When copying the records below, keep every word as it is and drop the images.
[THE DATA]
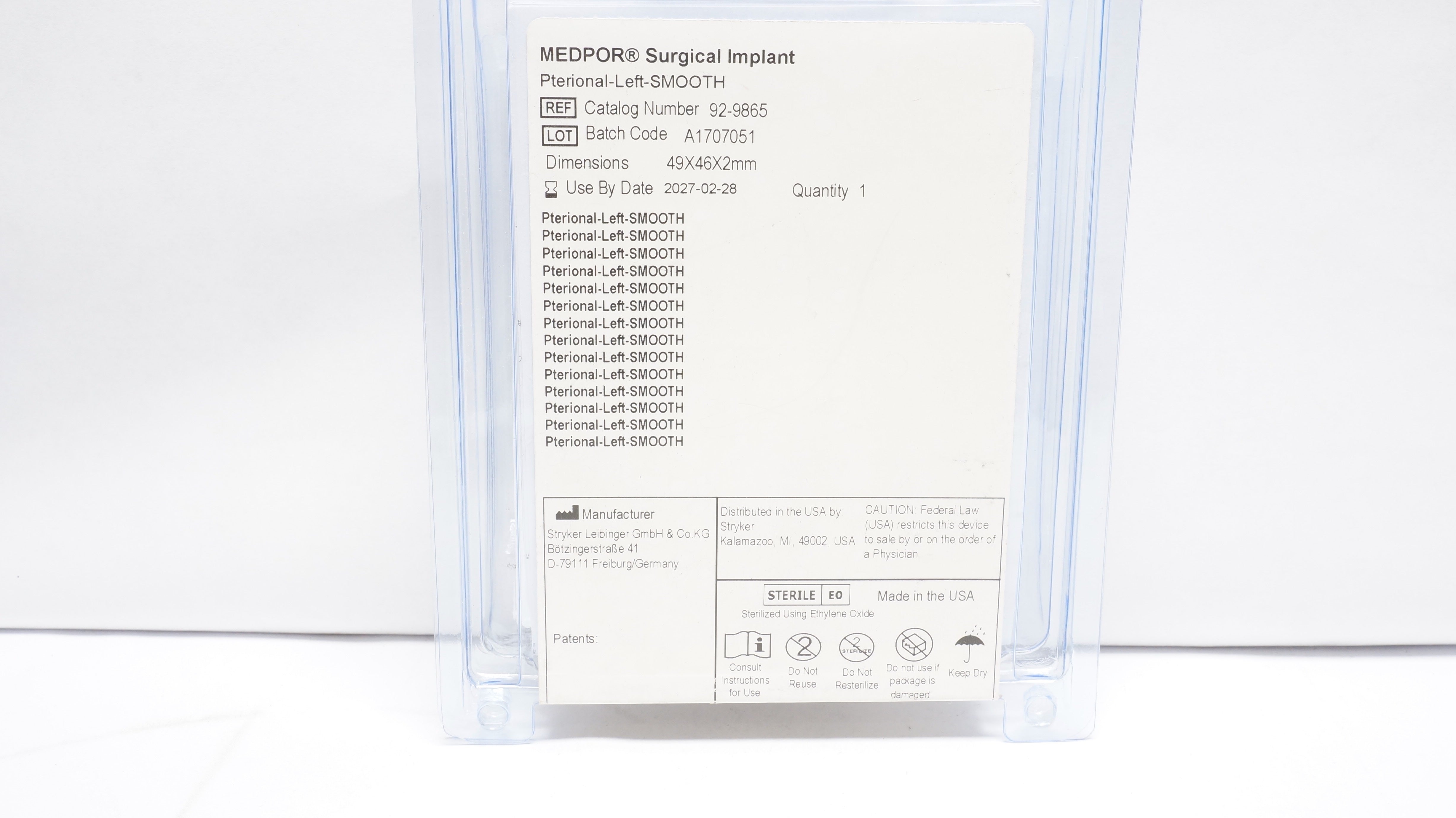 - Stryker 92-9865 Medpor Surgical Implant Pterional Left Smooth 49x46x2mm
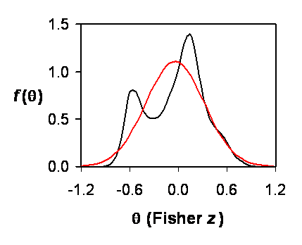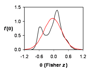 Figure 1. Density (p.d.f.) for Fisher-z parameters estimated from Becker’s (2009) 10 correlations using mixture (black) or normal (red).
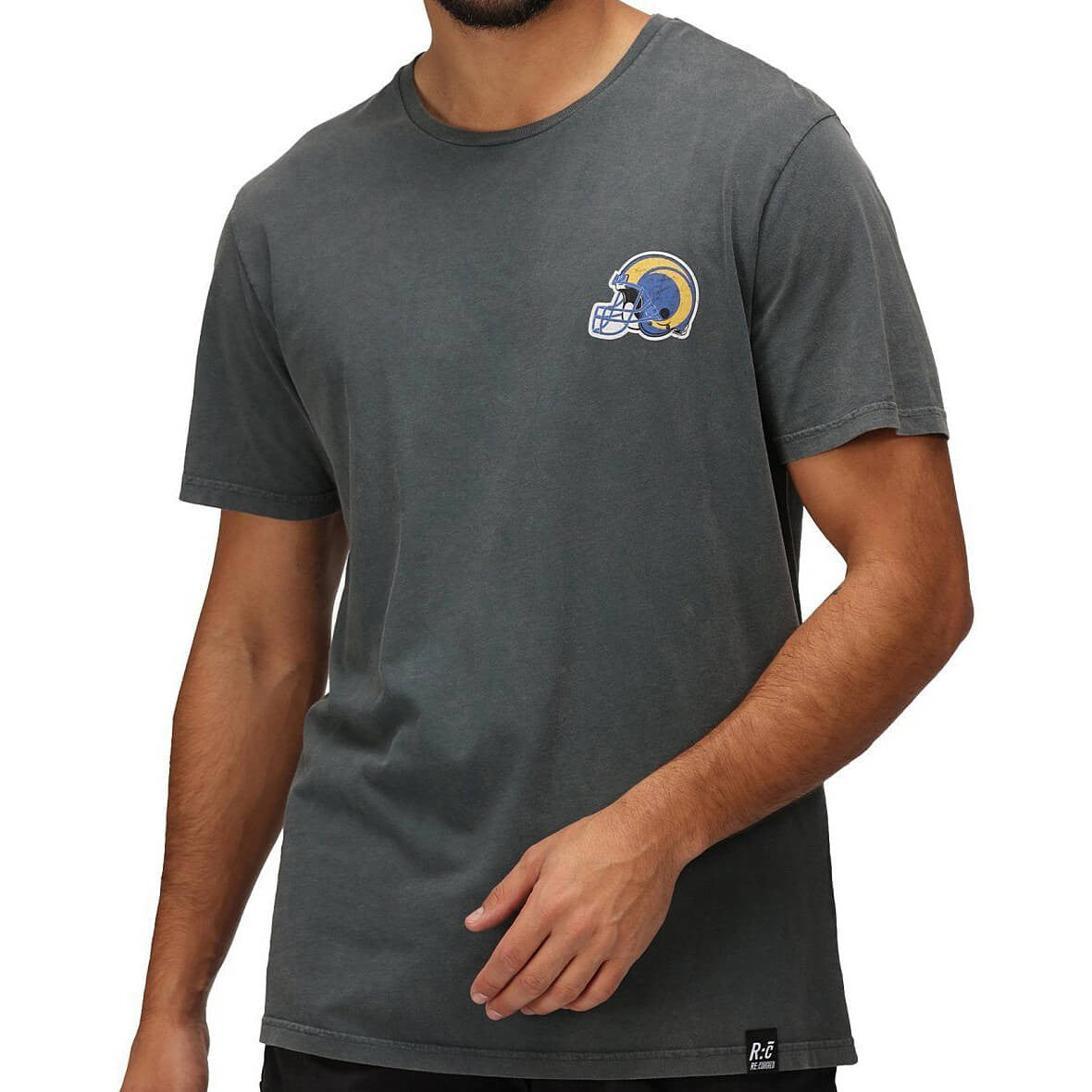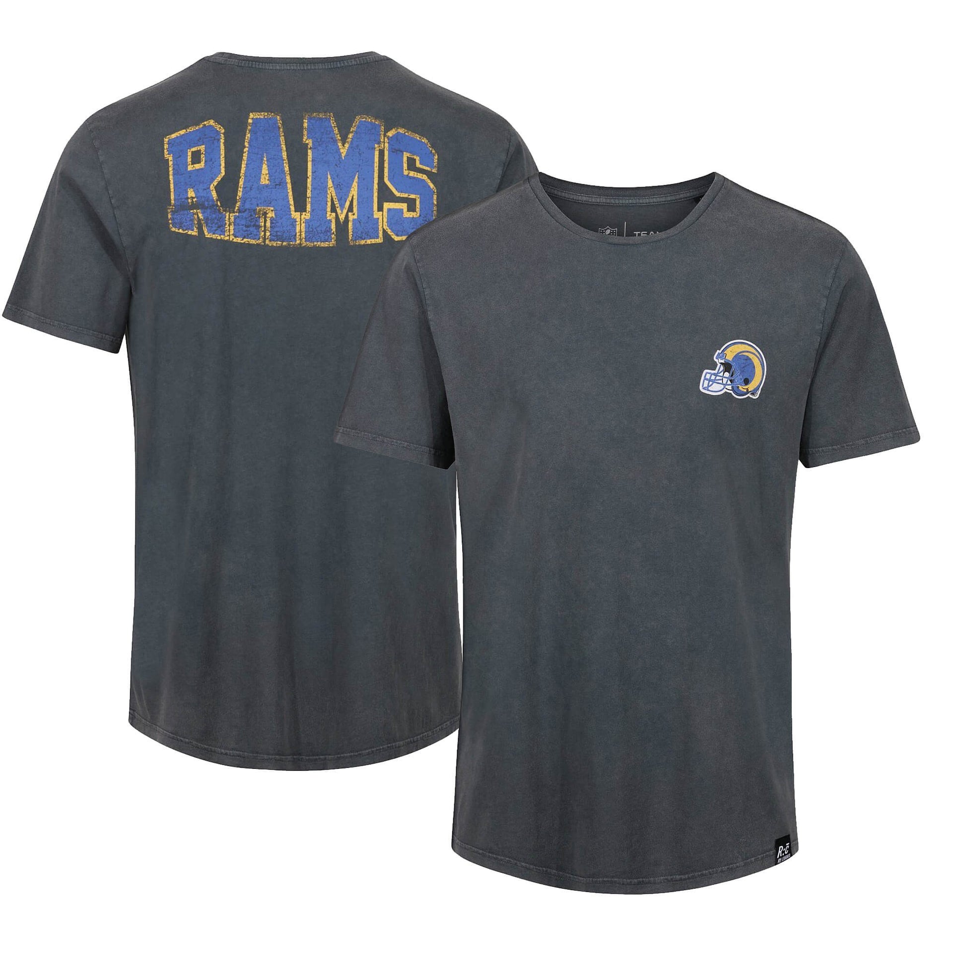 Re:Covered NFL Helmet Chest / College Backprint T-Shirt Los Angeles Rams Washed Black
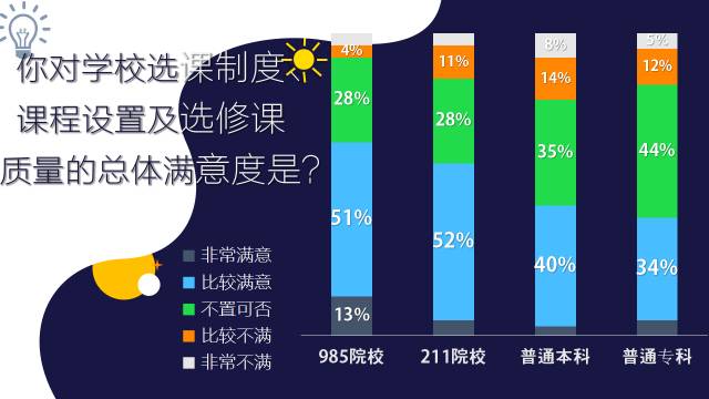 普通本科院校的同学,认为自己学校开设的选修课质量非常高的只占3%左右,而985工程院校同学持这种观点的就占了超过20%
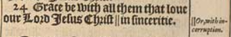 24 Grace be with all them that loue our Lord Iesus Christ || in sinceritie. Written from Rome vnto the Ephesians by Tychicus.[Or, with incorruption.]
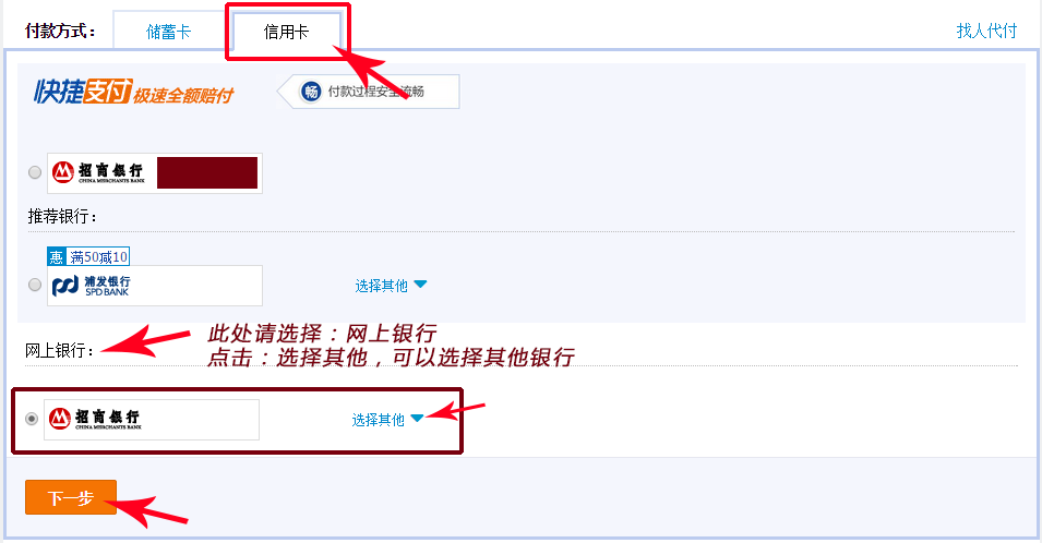4.選擇信用卡選項(xiàng),選擇網(wǎng)上銀行,并選擇對應(yīng)的銀行!如下圖所示!
[/THE DATA]
= WRITTEN ANSWER =
 - Stryker 92-9865 Medpor Surgical Implant Pterional Left Smooth 49x46x2mm
 Figure 1. Density (p.d.f.) for Fisher-z parameters estimated from Becker’s (2009) 10 correlations using mixture (black) or normal (red).
 Re:Covered NFL Helmet Chest / College Backprint T-Shirt Los Angeles Rams Washed Black
 普通本科院校的同学,认为自己学校开设的选修课质量非常高的只占3%左右,而985工程院校同学持这种观点的就占了超过20%
 24 Grace be with all them that loue our Lord Iesus Christ || in sinceritie. Written from Rome vnto the Ephesians by Tychicus.[Or, with incorruption.]
4.選擇信用卡選項(xiàng),選擇網(wǎng)上銀行,并選擇對應(yīng)的銀行!如下圖所示!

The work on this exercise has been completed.